Crnjanski’s professional journey further led him into the diplomatic service for the Kingdom of Yugoslavia. He worked in Germany (1935-1938) and Italy (1939-1941). When Yugoslavia took part in the Second World War, he was evacuated from Rome to Lisbon, across Madrid, and later he got to London, where he stayed until 1965 when he returned to Belgrade.
Crnjanski had a harsh life in London, as he had lost all his sources of income. Even though he had a university degree and spoke five languages (Hungarian, German, French, Italian and English), he spent some time working in a bookstore, delivering Christmas cards and as a bookkeeper in a shoe store. By the 1950s, he became a London-based correspondent of El economist, an Argentinian periodical published in Buenos Aires. Despite the hardships he endured, he still wrote prolifically. At the time, he wrote Roman o Londonu (A Novel on London), a powerful cosmopolitan work on exile taking place in London, with a Russian protagonist. He also wrote a masterpiece Druga knjiga Seoba (The Second Book on Migration) and a poetic odyssey Lament nad Beogradom (Lament over Belgrade). As a political emigrant, Crnjanski spent some time completely away from the Serbian literary scene. In the 1950s, he published some of his writing in periodicals of emigrants in America, Canada and Germany. However, when he returned to Serbia, some of his books had already been published there, including Seobe (Migration), Dnevnik o Čarnojeviću (A Diary of Čarnojević), Konak (Lodging), Itaka i komentari (Ithaca and Comments) and Druga knjiga seoba (The Second Book on Migration).
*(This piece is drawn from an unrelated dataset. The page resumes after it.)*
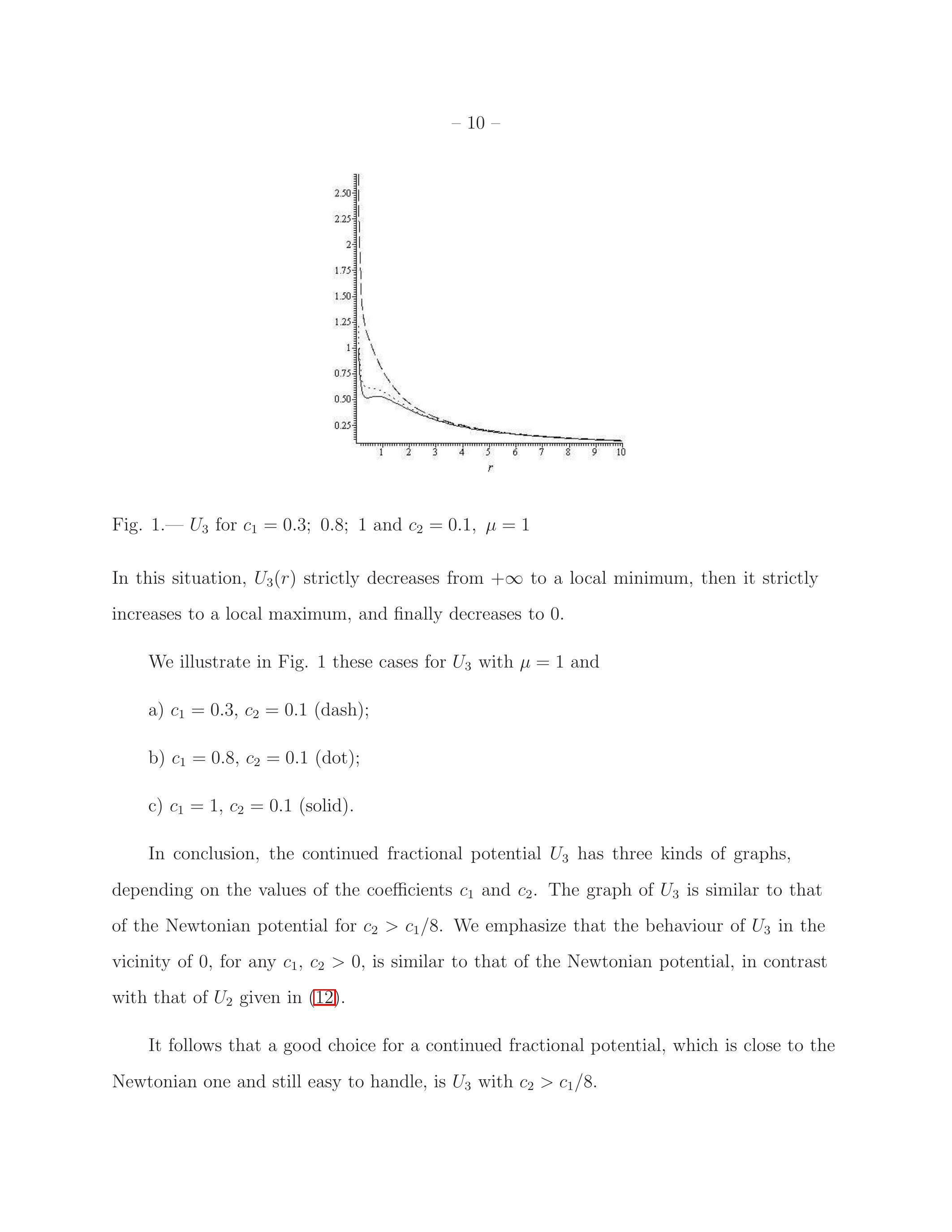 In conclusion, the continued fractional potential U_(3)U_{3} has three kinds of graphs, depending on the values of the coefficients c_(1)c_{1} and c_(2)c_{2}. The graph of U_(3)U_{3} is similar to that of the Newtonian potential for c_(2) > c_(1)//8c_{2}>c_{1} / 8. We emphasize that the behaviour of U_(3)U_{3} in the vicinity of 0 , for any c_(1),c_(2) > 0c_{1}, c_{2}>0, is similar to that of the Newtonian potential, in contrast with that of U_(2)U_{2} given in (12).
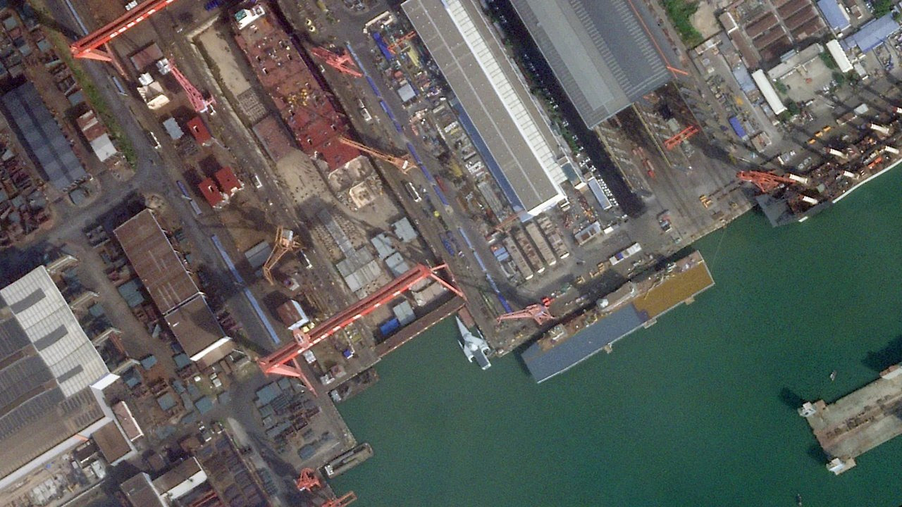 A satellite image of Guangzhou Shipyard International taken on October 23, 2024, showing, among others, the new class of Chinese aviation-capable ship. PHOTO © 2024 PLANET LABS INC. ALL RIGHTS RESERVED. REPRINTED BY PERMISSION

Therefore, to Crnjanski, life in emigration represented a drama on cultural marginalisation, which had a powerful impact on his creative work. The feeling of being a foreigner affected his inner self, with the central figure in his works being a man in a foreign place. He portrayed emigrants, outsiders and people living on the margins of society. With the power of extraordinary literary language, Crnjanski managed to show that a man at the edge of existence could still possess a shine of true greatness. At the same time, Crnjanski’s genius is reflected in the fact that his works enable us to truly feel the spirit of the epoch we still live in (for instance, neoliberalism in Roman o Londonu).
He was finally able to live his elderly days peacefully in his homeland. Soon after he returned from his 20-year-long exile, his Sabrana dela u 10 tomova (Collected Works in 10 Volumes) were published in 1966. In 1971, he received the distinguished NIN Award and the Most Read Book of the Year Award for Roman o Londonu. He died at the age of 84 after he refused to eat and take his medication.
His widow gifted his complete legacy by testament to the National Library of Serbia. In 1993, the Miloš Crnjanski Foundation published a critical edition of his works.